The big issue for the delay appears to be the preparatory movement of the product to retailers. On Feb. 6, Taylor said, “They [Canada’s provinces] told us they need 8 to 12 weeks following (adoption of the law) for preparatory activities to occur, such as preparatory movement of product from licensed producers to distribution and retail outlets,” according to a Reuters report.

But this delay really shouldn’t come as too much of a surprise for anyone who has followed the rise of the Canadian cannabis industry. Provinces have been complaining about a lack of funding, as well as time constraints in getting law enforcement trained, and product in place, pretty much since this bill was introduced 10 months ago. The fact that provinces need more time to get their infrastructure in place shouldn’t shock anyone.

This is a real disappointment for growers with first-to-market advantages

The news of a one-, or perhaps two-month delay in the launch of recreational weed didn’t sit particularly well with Canadian pot stock investors. Having already been pushed well off their all-time highs in recent weeks, most Canadian growers found reason to have another miserable day when the delay was announced.

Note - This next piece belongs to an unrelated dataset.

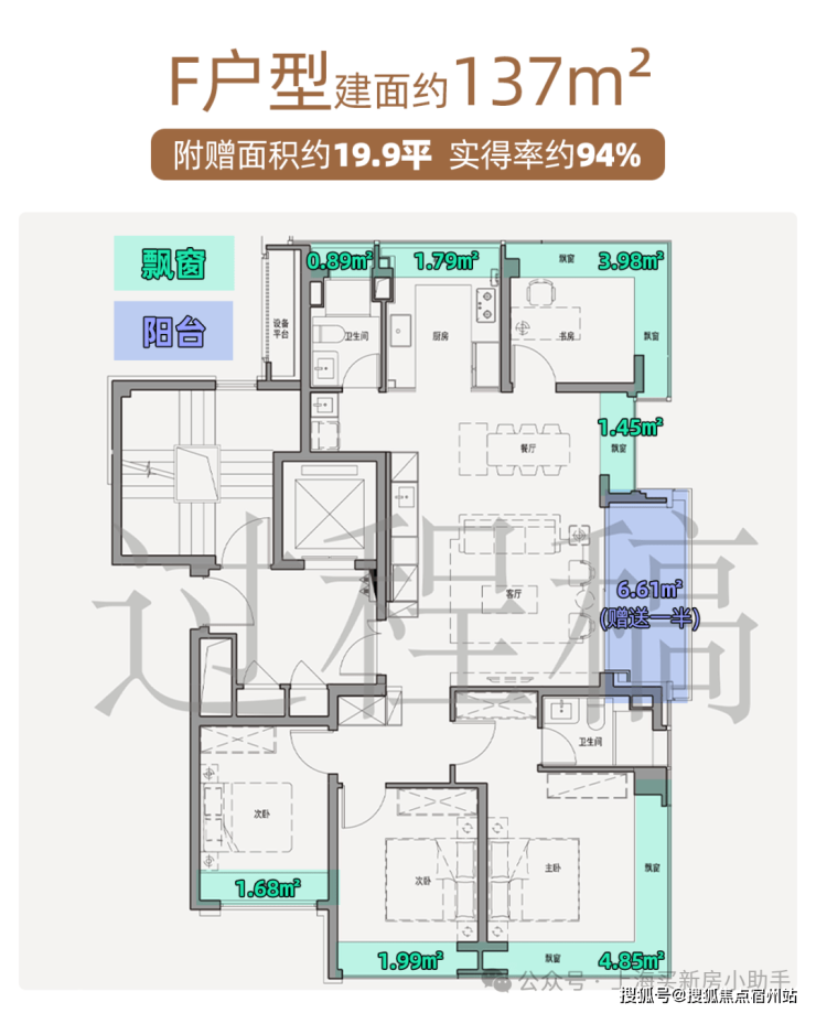 全屋7飘窗+半封阳台,赠送面积近20㎡,实得率约94%。

While a 4-to-8-week delay probably isn’t going to make a huge difference in the long-term outlook for the Canadian marijuana industry, there are certain first-to-market advantages that may be somewhat disrupted by this delay. In other words, growers that were primed to deliver significant output by July 2018 would have had an opportunity to forge supply relationships and secure long-term deals, thusly boosting their market share. Those early market advantages have been somewhat diminished with this later recreational cannabis launch.

For instance, Aurora Cannabis has spent a fortune on organically constructing its Aurora Sky facility, an 800,000 square foot expansion that’s expected to be finished in mid-2018 and yield over 100,000 kilograms of dried cannabis a year. It also announced the largest marijuana acquisition in history last month — the $852 million buyout of CanniMed Therapeutics. Between its CanniMed acquisition and the launch of Aurora Sky, Aurora was set to be of the front-runner in terms of supply for a July 2018 launch. However, with that launch delayed by one or two months, it may give Aurora’s peers an opportunity to close those first-to-market advantage gaps.

For the sake of investors, this will hopefully be the only delay in launching recreational cannabis. But keep in mind that pushing the sale of adult-use weed even further out remains a possibility.